The amount of pre-tension must be exact – too little will promote further
bending stresses, and too much will damage the foil by tear.
FEA so far suggests that a foil of 0.1mm will sustain a burst pressure of
100 psi (4 times the design pressure) by using Aluminium Lithium Alloy.
But it requires some detail restraining at its perimeter in order to
achieve the require pressure rating. As we only had the first set of
results a few days ago, we would like to conduct further analyses to
ensure that the proposed scheme is valid for all boundary conditions
before we confirm its general acceptance.
We shall explain our results with further plots and figures at our next
meeting
What next?
The evidence so far suggests that we could continue to thin
the window using higher and higher strength materials.

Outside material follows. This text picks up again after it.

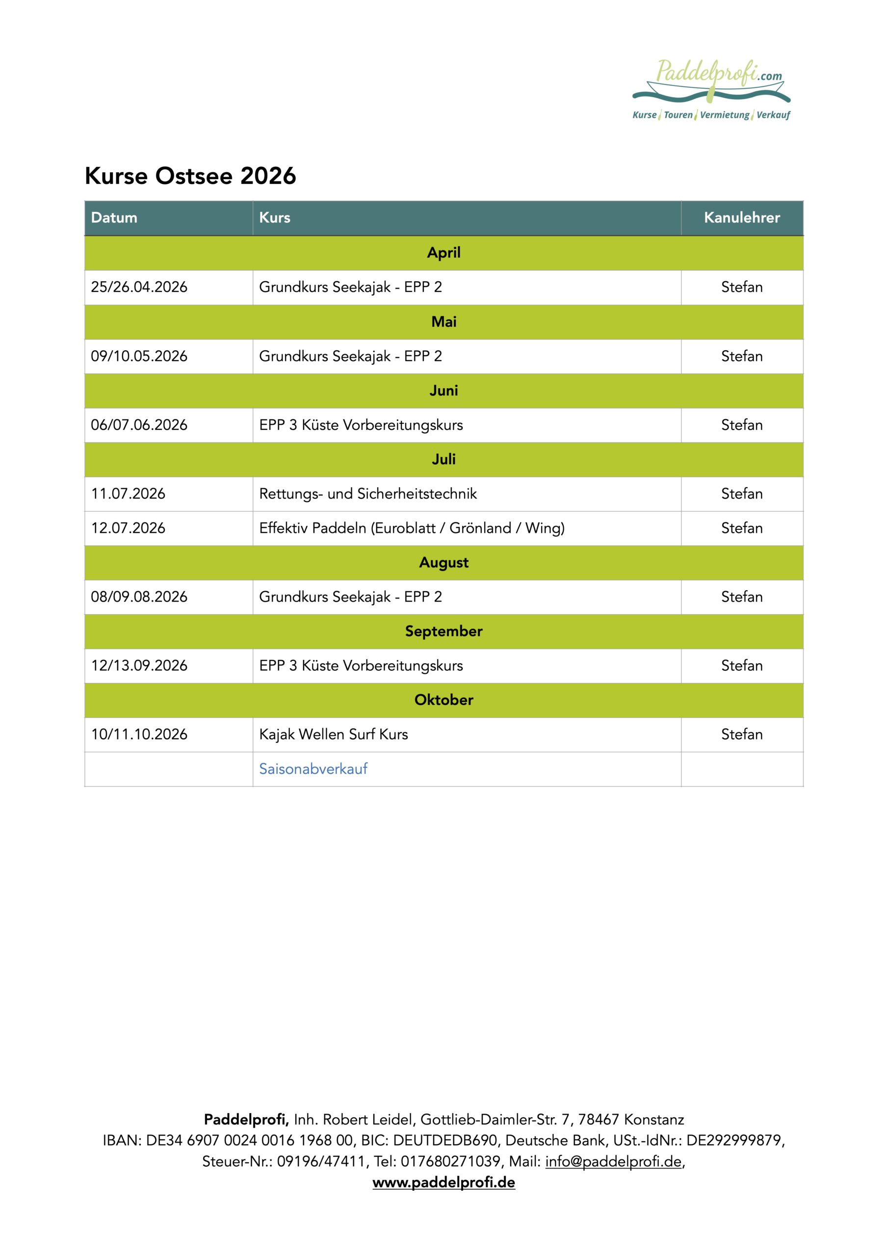 Kursübersicht Ostsee 2026

But
there is doubt that the ultra thin window, if the present shape
is to be maintained, may not be possible to produce.
Our next development phase should concentrate more on
making windows that, on one hand, utilises the advantages
offered by the higher strength materials, and on the other
hand, doesn’t involve complicated manufacturing procedures.
Naturally, we want a design the guarantees consistent
accuracy
From an engineering point of view, we should continue to
develop the pre-tension foil window.